The Westmalle Dubbel is an excellent combination of sandwiches and freshly baked bread. It also goes well with the Westmalle Abbey cheese.
Best Time To Have a Taste of the Best Belgian Beers
Although Belgian beers are available for purchase online or in specialized beer stores, visiting Belgium wouldn’t be a bad idea. To have a fun, hoppy, and memorable beer tasting experience, you can always visit the beautiful yet quiet Belgium.
Aside from these beers being sold in many Belgian restaurants and breweries, you can sip most of them during beer festivals. Belgium is well known for its beer festivals held almost all year round.
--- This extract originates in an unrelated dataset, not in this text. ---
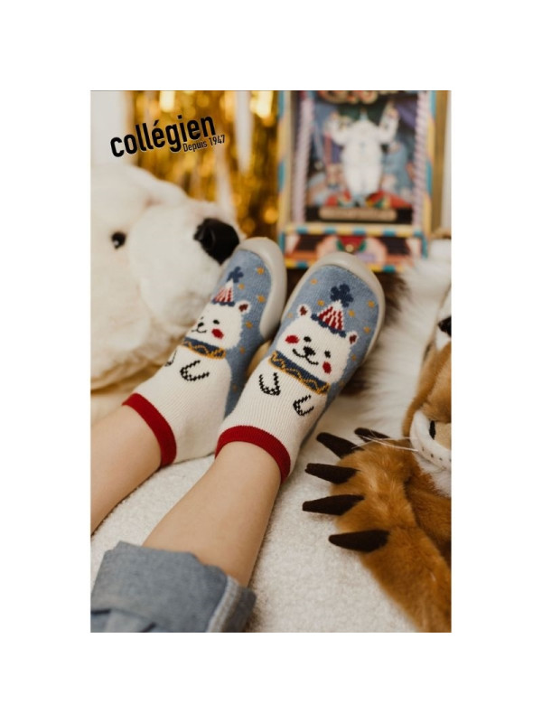 COLLEGIEN est une marque Française qui crée et fabrique des produits depuis 1947. Les chaussons-chaussettes sont lavable en machine à 30 °. Semelle ergonomique micro aérée pour ne pas transpirer. La semelle est souple, légère et confortable, grâce à ses picots elle est antidérapante. L'élasticité du lycra épouse bien la forme de chaque pied et assure un bon mantien.

Here is a list of popular Belgium beer festivals for beer lovers looking for a fun experience:
- BAB BierFestival is held every February in Bruges.
- Belgian Beer Weekend is held at the Grand Place in Brussels.
- Christmas Beer Festival is held every 3rd weekend of December, in Essen.
- Beer Passion Weekend is held every June in Groenplats Square, Antwerp.
- North Sea Beer Festival and this is usually held at the end of August in Ostend.
There are so many other beer events that are held in Belgium. Regardless of the time of the year, you’re sure to have a lot of fun in Belgium. Aside from these events, many bars and breweries also entertain visitors. As a beer-lover, you not only taste the best beers, you also get to enjoy unlimited entertainment at the same time.
These beers come highly recommended, and it is difficult to choose an overall best since preferences are personal. However, with the insight you’ve received into Belgian beers, it should be much easier to select one that goes with your taste.
Maybe you could even try something entirely different for a change. Either way: cheers to happy drinking!